According to the liability of smallness, the size of firms is inversely related to their failure rates (Freeman et al. 1983). Research on the impact of size on the failure of new ventures has experienced an upward trend. Size is the key source for innovation (e.g., R&D input and technology adoption), which crucially influences SMEs’ performance (Garcia-Martinez et al. 2023). When competing with larger firms, new and smaller-sized firms are more likely to use less debt to access external financing resources. Thus, they tend to lack sufficient financial capital to invest in advanced technologies and find it harder to survive (Garcia-Martinez et al. 2023; Honjo 2000). In short, these financing obstacles constrain their growth (Beck et al. 2006). This is consistent with the study by Bernanke and Gertler (1995), which concluded that bank financing and credit markets are less accessible to smaller firms than to large firms, with bankruptcy more likely to result. Moreover, large companies are more efficient in production due to their ability to use more specialized inputs, better coordination of resources, and scale economies. In addition to adequate financial capital, a greater number of qualified employees can help firms conquer the liability of smallness by increasing their efficiency and profitability (Moser et al. 2017). Starting out with greater numbers allows firms to benefit from their employees’ know-how, thereby boosting productivity and efficiency, and ultimately increasing their likelihood of survival (Fonseca et al. 2022). However, small firms have difficulty in achieving economies of scale, obtaining credit for investment, and securing qualified personnel because they lack adequate resources (Yang and Chen 2009). Therefore, in the marketplace, smaller-sized firms are at a competitive disadvantage and more likely to go out of business. To measure size based on financial and human resources, the extant literature has tended to utilize assets (Fuertes-Callén et al. 2022) and number of employees (Fonseca et al. 2022). The negative relationship between failure probability and new venture size has been tested by several studies, such as Mata and Portugal (1994) for Portugal, Audretsch and Mahmood (1995) for the US, and Resende et al. (2016) for Brazil. The probability of default for SMEs on the basis of size has been proven by Altman et al. (2010) and Acosta-González et al. (2019).

3 Methodology

In this section, we discuss the source and selection of the database, the choice of explanatory variables, the statistical methods of this analysis, and the methods employed to evaluate the models’ performance.

3.1 Data

Our sample consists of annual certified financial, performance, and survival information for SMEs and new ventures in Portugal obtained from the IES [Informação Empresarial Simplificada (IES)] form, available in the INFORMA D&B database between 2010 and 2018. The data cover all industries and are divided into two sub-samples of SMEs and new ventures separately. We include SMEs with less than 250 employees with annual revenue below €50 million based on the definition provided by the European Union, and new ventures established between 2010 and 2018. We excluded firms that had reported no activities and had suspended activities. The observations with negative assets, cash, or liabilities and zero employees were eliminated due to errors and inappropriate perceptions of firms’ performance and size (Fonseca et al. 2022). The firms in the financial and insurance sectors were excluded from the sample because of their different accounting and typically high leverage, which tends to signify distress for non-financial firms (Fama and French 1992; Gupta et al. 2015; Mselmi et al. 2017). Our final SME sample consists of 772,037 SME–year observations with 229,855 unique SMEs (13,545 of the SMEs failed with a failure rate of 5.89%). The new venture sample comprises 191,237 new venture–year observations with 101,645 unique new ventures (5,457 of the new ventures failed with a failure rate of 5.37%).
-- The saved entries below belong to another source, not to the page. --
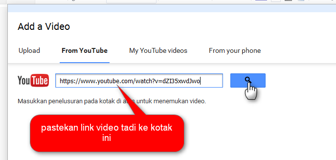 5. pilih from youtube dan pastekan link video anda, kemudian klik icon seacrh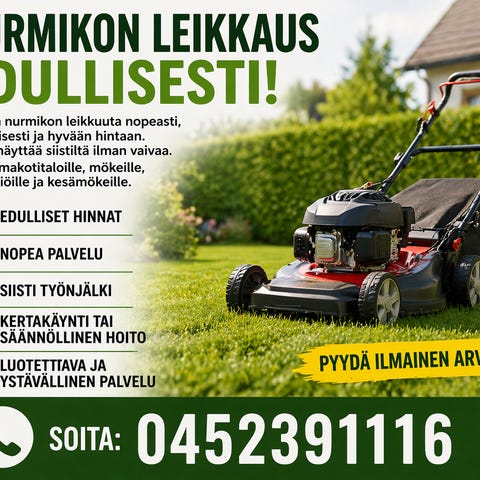 Noudetaan porin alueelta epäkunnossa olevat ruohonleikkurit pois nurkista pyörimästä. Voin maksaa tapauskohtaisesti 10e per leikkuri.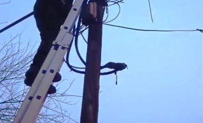 Ekipler, mahsur kalan kediye ulaşmak için direğe merdiven dayadı. İtfaiye erinin güvenli şekilde ulaştığı kedi bulunduğu yerden alınarak aşağı indirildi.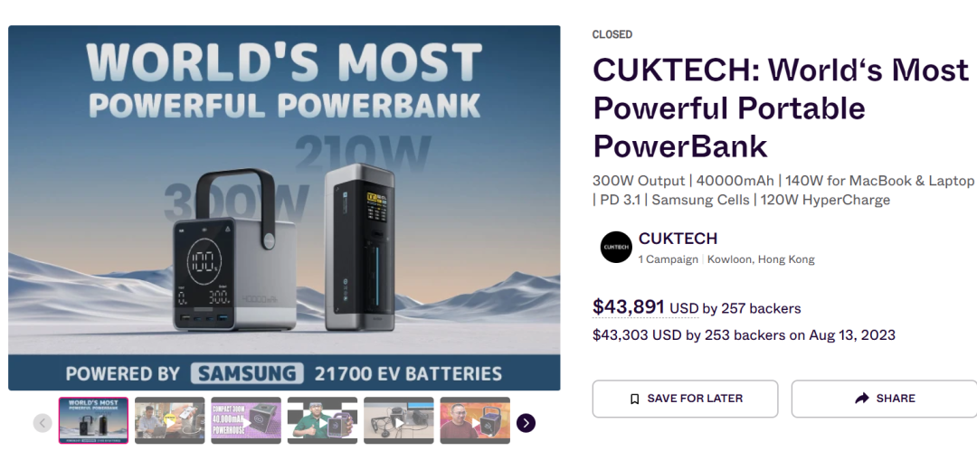 2023 年,他们就在 Indiegogo 上发起了 210W、300W、40000mAh 的超大功率移动电源众筹项目,并以“全球最强便携电源”的定位切入市场。该项目最终吸引了 257 名支持者,筹得 43,891 美元。

To validate the prediction performance of our models, the dataset was divided into two sub-periods: the estimation period (from 2010 to 2016) to develop the prediction models, and the out-of-sample period (from 2017 to 2018), also named as a hold-out sample, to validate the developed models’ prediction performance. Following Altman and Sabato (2007) and Gupta et al. (2014), the firm–year observations have been lagged by one period, utilizing data in the current period to predict the default probability of firms over the next time period. In other words, we predict the failure one year in advance.

3.2 Variables selection

3.2.1 Dependent variables

In our study, the dependent variable is failure coded as 1 if the firm fails. The failure of the firm is taken to mean that the firm is out of business in a firm–year reported by INFORMA D&B with the following outcomes: dissolution, extinction, insolvency, and legal closure. It equals 0 if none of those outcomes happen up to the end of the observation period (Patel et al. 2020).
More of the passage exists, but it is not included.